EEI argues that “CUI is not a single, uniform category.” It says, “Rather, it encompasses a broad range of designations derived from various laws, regulations, and Governmentwide policies, each with distinct scopes and objectives.”
First, EEI says it is crucial to “assess” whether a specific CUI designation that subject to CMMC was “meant to apply to contractor-held information.”
The National Archives and Records Administration’s CUI definition used in the proposed rule “does not explicitly contemplate whether a non-agency entity, such as a contractor, must control information in the same manner as the government,” the filing says.
“Such consideration of specific contractor safeguarding duties must be implicitly read into NARA’s ‘CUI’ definition to reconcile it with the CUI designations it aims to define. The absence of its specific mention could lead users of the NARA ‘CUI’ definition -- and by extension, the Proposed Rule -- to misclassify contractor information as CUI, even if it does not meet the actual criteria for such designation,” the filing says.
EEI proposes clarifying the “implicit scope of NARA’s ‘CUI’ definition to better align it with underlying CUI designations.” The filing says, “This clarification will mitigate the risk of contract officers misreading the definition to apply the CMMC to information that does not, in fact, qualify as CUI. Doing so would require only slight modifications to the Proposed Rule’s ‘CUI’ definition.”

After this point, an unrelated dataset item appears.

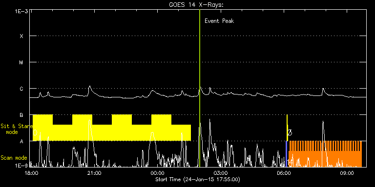EIS Observation timeline overlay to GOES-Xray curve Code 1" 2" 40" 266" EIS Observations list for this event: STUDY ACRONYM ID DATE OBSERVED DESCRIPTION NOAA# TARGET 0 Flare266_Hunter03 | 44815 | 2015/01/24 18:04:33 | Flare study | 2268 | Flare TIMELINE ID DATE OBSERVED FITS FILE XCEN (+W/-E) YCEN (+N/-S) DUR ----------------------------------------------------------------------------------------------------------------- 44815 | 2015/01/24 18:04:33.000 | eis_l0_20150124_180433.fits.gz | -952.59 | -127.19 | 55m50s 44815 | 2015/01/24 19:00:49.000 | eis_l0_20150124_190049.fits.gz | -947.80 | -126.34 | 55m51s 44815 | 2015/01/24 19:57:06.000 | eis_l0_20150124_195706.fits.gz | -943.01 | -125.34 | 55m49s 44815 | 2015/01/24 20:53:22.000 | eis_l0_20150124_205322.fits.gz | -938.06 | -124.87 | 55m50s 44815 | 2015/01/24 21:49:38.000 | eis_l0_20150124_214938.fits.gz | -933.04 | -124.18 | 55m50s 44815 | 2015/01/24 22:45:54.000 | eis_l0_20150124_224554.fits.gz | -927.94 | -123.48 | 55m50s 44815 | 2015/01/24 23:42:10.000 | eis_l0_20150124_234210.fits.gz | -923.00 | -122.71 | 55m50s 44815 | 2015/01/25 00:38:26.000 | eis_l0_20150125_003826.fits.gz | -917.75 | -121.94 | 55m50s 1 PRY_slot_contextLITE | 44775 | 2015/01/25 06:05:26 | alignment | 2269 | Active Region TIMELINE ID DATE OBSERVED FITS FILE XCEN (+W/-E) YCEN (+N/-S) DUR ----------------------------------------------------------------------------------------------------------------- 44775 | 2015/01/25 06:05:26.000 | eis_l0_20150125_060526.fits.gz | -32.01 | 0.65 | 2m56s 2 Alignment_266 | 44776 | 2015/01/25 06:08:41 | alignment | 2269 | Quiet Sun TIMELINE ID DATE OBSERVED FITS FILE XCEN (+W/-E) YCEN (+N/-S) DUR ----------------------------------------------------------------------------------------------------------------- 44776 | 2015/01/25 06:08:41.000 | eis_l0_20150125_060841.fits.gz | -149.29 | 0.58 | 1m22s 3 XRT_synop_AIA | 44777 | 2015/01/25 06:10:48 | alignment | 2268 | Quiet Sun TIMELINE ID DATE OBSERVED FITS FILE XCEN (+W/-E) YCEN (+N/-S) DUR ----------------------------------------------------------------------------------------------------------------- 44777 | 2015/01/25 06:10:48.000 | eis_l0_20150125_061048.fits.gz | -758.31 | -118.07 | 10s 4 HH_Flare_raster_v6 | 44803 | 2015/01/25 06:13:19 | flare study | 2268 | Flare TIMELINE ID DATE OBSERVED FITS FILE XCEN (+W/-E) YCEN (+N/-S) DUR ----------------------------------------------------------------------------------------------------------------- 44803 | 2015/01/25 06:13:19.000 | eis_l0_20150125_061319.fits.gz | -754.17 | -117.15 | 3m32s 44803 | 2015/01/25 06:16:53.000 | eis_l0_20150125_061653.fits.gz | -753.71 | -116.92 | 3m32s 44803 | 2015/01/25 06:20:28.000 | eis_l0_20150125_062028.fits.gz | -753.48 | -116.84 | 3m31s 44803 | 2015/01/25 06:24:01.000 | eis_l0_20150125_062401.fits.gz | -753.09 | -116.69 | 3m32s 44803 | 2015/01/25 06:27:36.000 | eis_l0_20150125_062736.fits.gz | -752.78 | -116.77 | 3m31s 44803 | 2015/01/25 06:31:10.000 | eis_l0_20150125_063110.fits.gz | -752.40 | -116.77 | 3m32s 44803 | 2015/01/25 06:34:45.000 | eis_l0_20150125_063445.fits.gz | -752.01 | -116.69 | 3m31s 44803 | 2015/01/25 06:38:19.000 | eis_l0_20150125_063819.fits.gz | -751.62 | -116.53 | 3m32s 44803 | 2015/01/25 06:41:53.000 | eis_l0_20150125_064153.fits.gz | -751.32 | -116.61 | 3m32s 44803 | 2015/01/25 06:45:28.000 | eis_l0_20150125_064528.fits.gz | -751.01 | -116.69 | 3m31s 44803 | 2015/01/25 06:49:02.000 | eis_l0_20150125_064902.fits.gz | -750.54 | -116.38 | 3m31s 44803 | 2015/01/25 06:52:36.000 | eis_l0_20150125_065236.fits.gz | -750.16 | -116.46 | 3m31s 44803 | 2015/01/25 06:56:10.000 | eis_l0_20150125_065610.fits.gz | -749.85 | -116.61 | 3m32s 44803 | 2015/01/25 06:59:45.000 | eis_l0_20150125_065945.fits.gz | -749.62 | -116.46 | 3m32s 44803 | 2015/01/25 07:03:20.000 | eis_l0_20150125_070320.fits.gz | -749.23 | -116.22 | 3m31s 44803 | 2015/01/25 07:06:54.000 | eis_l0_20150125_070654.fits.gz | -748.92 | -116.22 | 3m31s 44803 | 2015/01/25 07:10:27.000 | eis_l0_20150125_071027.fits.gz | -748.46 | -116.46 | 3m31s 44803 | 2015/01/25 07:14:01.000 | eis_l0_20150125_071401.fits.gz | -748.07 | -116.30 | 3m31s 44803 | 2015/01/25 07:17:35.000 | eis_l0_20150125_071735.fits.gz | -747.76 | -116.15 | 3m32s 44803 | 2015/01/25 07:21:10.000 | eis_l0_20150125_072110.fits.gz | -747.38 | -116.07 | 3m30s 44803 | 2015/01/25 07:24:43.000 | eis_l0_20150125_072443.fits.gz | -747.07 | -115.92 | 3m32s 44803 | 2015/01/25 07:28:18.000 | eis_l0_20150125_072818.fits.gz | -746.68 | -115.92 | 3m31s 44803 | 2015/01/25 07:31:52.000 | eis_l0_20150125_073152.fits.gz | -746.29 | -116.07 | 3m31s 44803 | 2015/01/25 07:35:26.000 | eis_l0_20150125_073526.fits.gz | -745.99 | -115.99 | 3m32s 44803 | 2015/01/25 07:39:00.000 | eis_l0_20150125_073900.fits.gz | -745.68 | -115.84 | 3m32s 44803 | 2015/01/25 07:42:35.000 | eis_l0_20150125_074235.fits.gz | -745.21 | -115.76 | 3m31s 44803 | 2015/01/25 07:46:09.000 | eis_l0_20150125_074609.fits.gz | -744.83 | -115.84 | 3m31s 44803 | 2015/01/25 07:49:43.000 | eis_l0_20150125_074943.fits.gz | -744.60 | -115.84 | 3m31s 44803 | 2015/01/25 07:53:17.000 | eis_l0_20150125_075317.fits.gz | -744.13 | -115.84 | 3m32s 44803 | 2015/01/25 07:56:52.000 | eis_l0_20150125_075652.fits.gz | -743.82 | -115.76 | 3m32s 44803 | 2015/01/25 08:00:27.000 | eis_l0_20150125_080027.fits.gz | -743.52 | -115.53 | 3m32s 44803 | 2015/01/25 08:04:02.000 | eis_l0_20150125_080402.fits.gz | -743.05 | -115.61 | 3m31s 44803 | 2015/01/25 08:07:36.000 | eis_l0_20150125_080736.fits.gz | -742.74 | -115.68 | 3m31s 44803 | 2015/01/25 08:11:10.000 | eis_l0_20150125_081110.fits.gz | -742.36 | -115.61 | 3m31s 44803 | 2015/01/25 08:14:44.000 | eis_l0_20150125_081444.fits.gz | -741.97 | -115.45 | 3m32s 44803 | 2015/01/25 08:18:19.000 | eis_l0_20150125_081819.fits.gz | -741.58 | -115.45 | 3m31s 44803 | 2015/01/25 08:21:53.000 | eis_l0_20150125_082153.fits.gz | -741.27 | -115.38 | 3m31s 44803 | 2015/01/25 08:25:27.000 | eis_l0_20150125_082527.fits.gz | -74

“Specifically, DOD should explicitly state that a law, regulation, or Governmentwide policy must authorize the government to direct nongovernment entities to safeguard information for it to be considered CUI under the CMMC Proposal. This change would ensure that contractors are subject to CUI controls only when explicitly mandated by the relevant policies, rather than when the safeguarding responsibility lies solely with the government,” the filing says.

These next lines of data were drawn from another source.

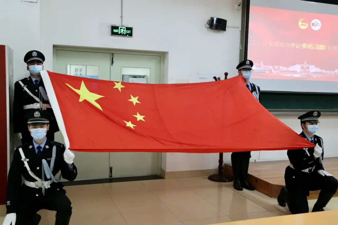 国旗护卫队展旗后,大会在庄严的国歌声中拉开序幕。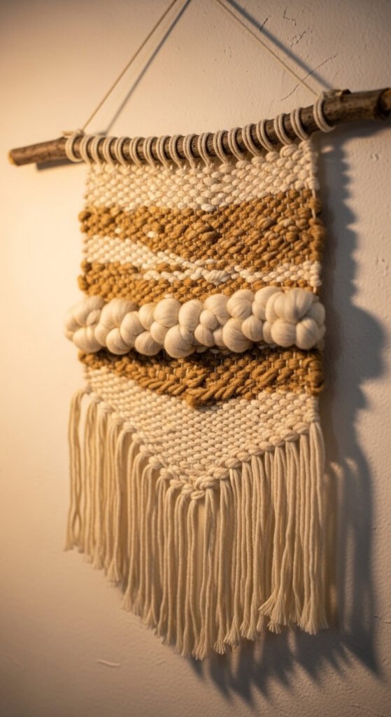 Textile wall hangings are one of the most accessible wabi-sabi DIY projects. You need a stick, some yarn, and a basic loom or even just your fingers. Beginner weaving is easy to learn from YouTube. Use natural, undyed fibers — cotton, wool, linen, jute. The imperfections in your weaving are not mistakes. They are exactly what makes it art. Finished pieces cost about $10 in materials and look extraordinary on a bare plaster wall.
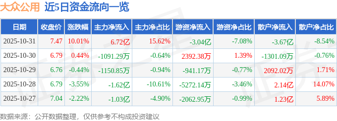 证券之星消息,大众公用10月31日涨停收盘,收盘价7.47元。该股于10点17分涨停,11次打开涨停,截止收盘封单资金为2807.9万元,占其流通市值0.16%。
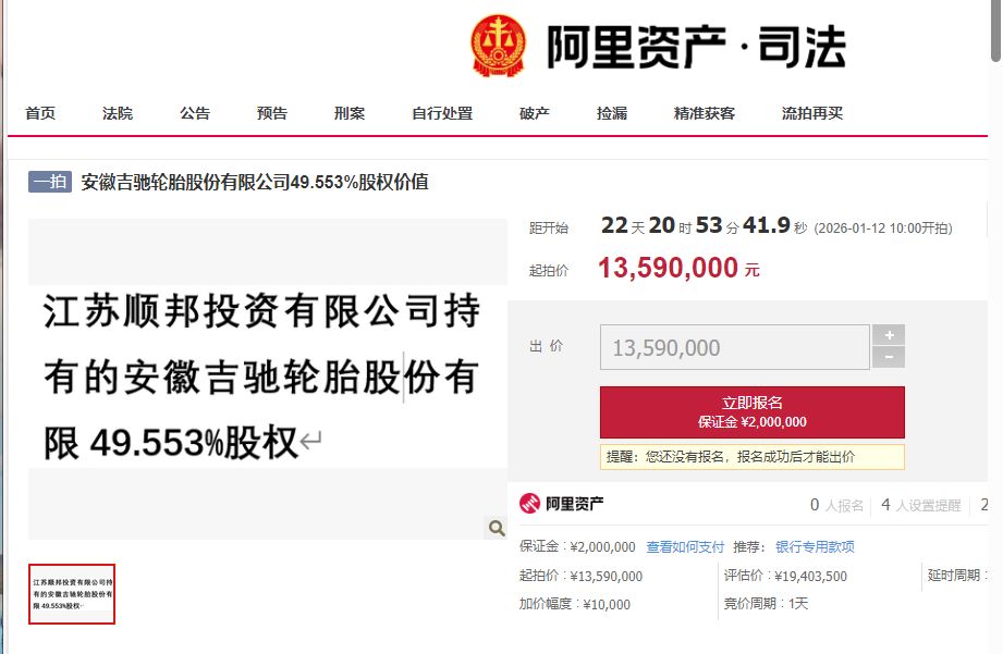 《每日經(jīng)濟新聞》記者查詢到,江蘇順邦所持吉馳輪胎49.55%股權(quán)已經(jīng)被法院查封,評估值1940.35萬元。該股權(quán)將于2026年1月12日10時至2026年1月13日10時進行司法拍賣。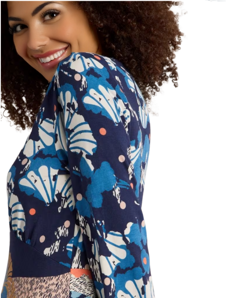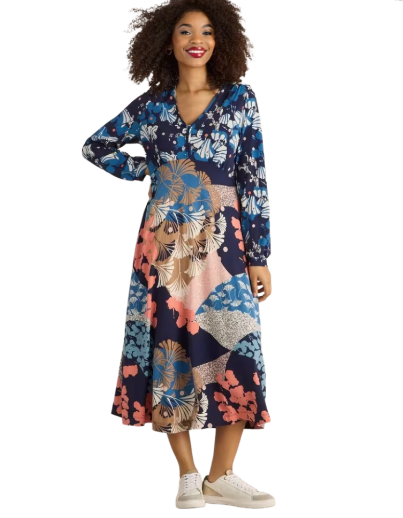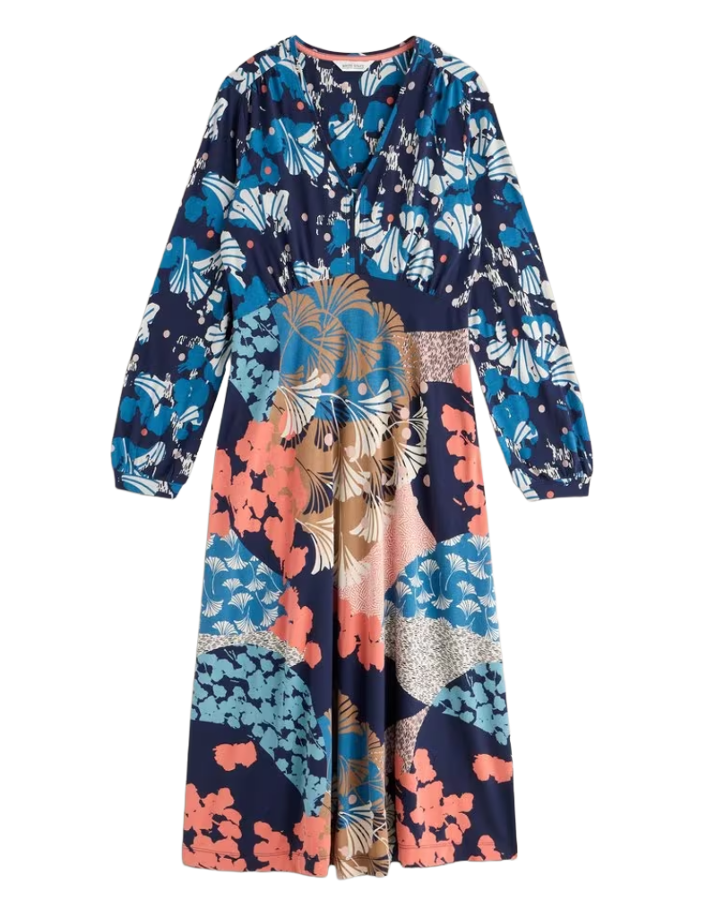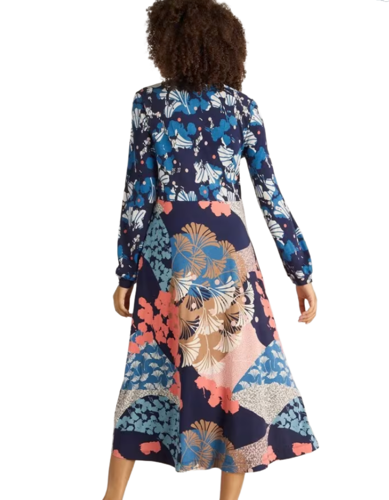 Effortlessly transition from day to night in this versatile midi jersey dress. The long sleeves and flattering cut work beautifully for gallery strolls and casual park outings, while the refined silhouette elevates any evening occasion. Crafted in soft jersey fabric with a timeless navy multi palette, this piece adapts to your lifestyle—dress it down with trainers for weekend ease or up with heels for something special. A wardrobe essential that moves with you.

EEI also urges DOD to “be mindful not to unintentionally disincentivize the use of CUI designations for private-public information sharing or otherwise encroach upon the jurisdiction of federal and state agencies who have historically regulated electric utility operations.”

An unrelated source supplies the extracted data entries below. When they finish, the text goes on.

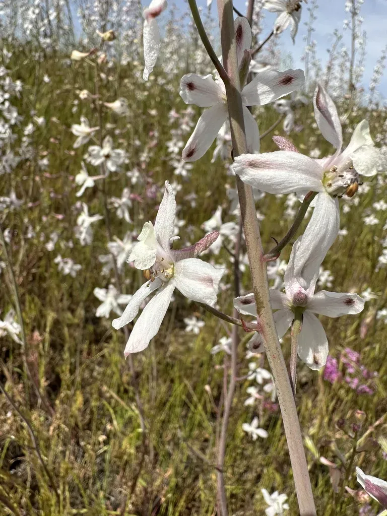 Pinoche Creek Larkspur (Delphinium Gypsophilum) is a plant in the Ranunculaceae family with moderate care difficulty. It requires moderate watering and moderate light.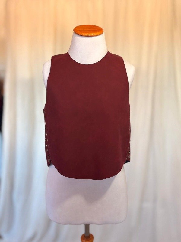 La Pechera Vesper es una pieza statement que eleva cualquier look con un aire contemporáneo y sofisticado. Confeccionada en simil cuero nobuckado (tacto suave), presenta un diseño minimalista al frente que contrasta con detalles laterales y posteriores llenos de carácter.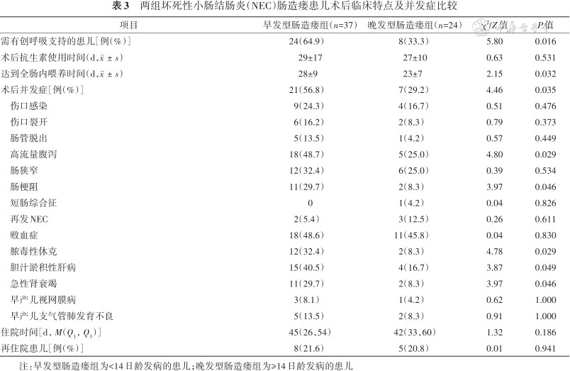 | 项目 | 早发型肠造瘘组(n=37) | 晚发型肠造瘘组(n=24) | χ2/Z值 | P值 |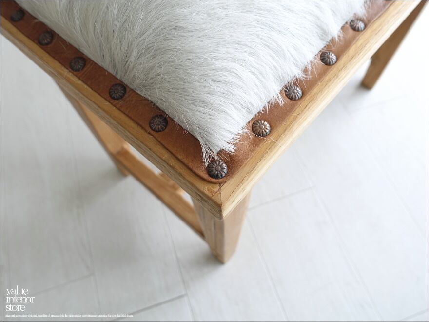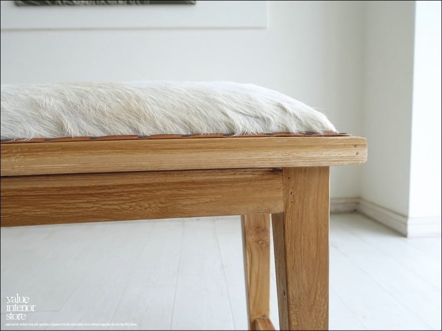 オールドチークの味のある風合いが魅力のウッドフレームに毛皮付きレザーを独特なスタッズで打ち、置いてあるだけでも存在感のあるベンチ。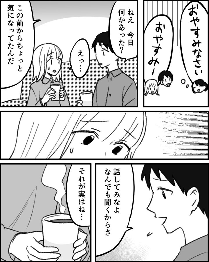 3人で楽しく過ごしていると思っていたのですが、ある日、義母と過ごしたあとの妻の様子がおかしいことに気づきました。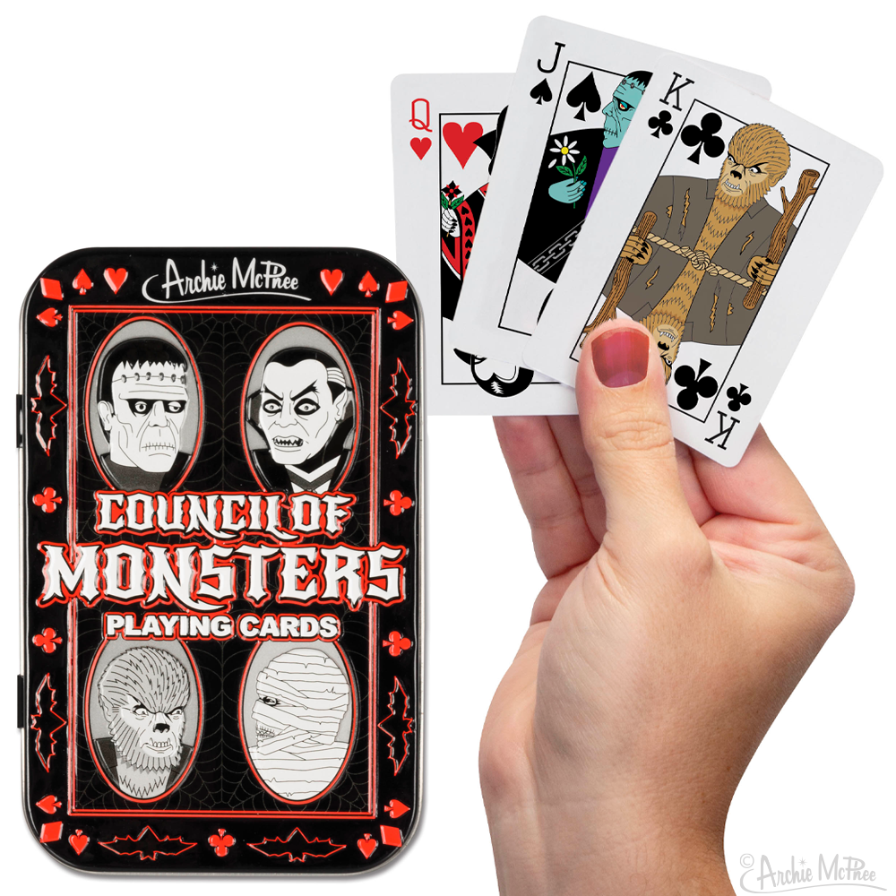 This is the official card deck of the Council of Monsters. A vampire, werewolf, mummy and monster got together and formed a club to come up with monster bylaws, certifications and conventions. These 2-1/2″ x 3-1/2″ (6.4 cm x 8.9 cm) beautifully illustrated cards have unique face cards, a different monster for every suit and two jokers that are sure to please anyone who loves monsters. Illustrated tin.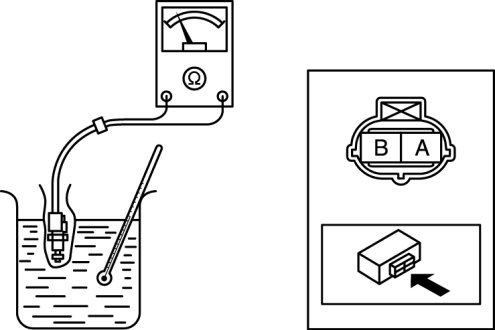 3. Wrap the differential oil temperature sensor with plastic wrap and immerse it into a beaker filled with water. Gradually raise the water temperature, and measure resistance between differential oil temperature sensor terminals A and B.

The trade association says electric companies are “constantly creating and processing sensitive information that aligns with multiple CUI designations, including Critical Energy Infrastructure Information, Protected Critical Infrastructure Information, and most ubiquitously, General Critical Infrastructure Information. Nevertheless, as detailed herein and in our CMMC Policy Proposal Comments, electric companies do not create CUI as part of the various services they provide to DOD.”
“Sensitive electric utility information instead often becomes CUI when submitted to the federal government. In this way, electric companies have a unique relationship with CUI, inverse to that of many other DOD contractors. Rather than receive sensitive information that the government expects a contractor to safeguard as CUI, electric companies far more often provide sensitive information that they expect the government to safeguard as CUI,” the filing says.
Alignment
DOD addresses alignment between the two CMMC rulemakings, explaining how some of the comments on the 32 CFR proposed rule were not addressed in program final rule because they applied to the acquisition rulemaking.
“The policies underlying CMMC 2.0 are inseparable from the contract clauses enforcing it. Regardless of the administrative complexity for DOD, the public would have been better served by a joint rulemaking combining the CMMC Policy Proposal and CMMC DFARS Proposal,” the filing says.
The filing says, “Continuing to bifurcate CMMC comment consideration exacerbates these challenges, undermining the public’s opportunity to ‘meaningfully inform DOD’s ultimate policy on the CMMC.’”
EEI adds, “We again encourage DOD to reflect upon all stakeholder concerns in whatever rulemaking ultimately implements CMMC 2.0, whether they are in comments submitted in response to the CMMC Policy Proposal or the CMMC DFARS Proposal.”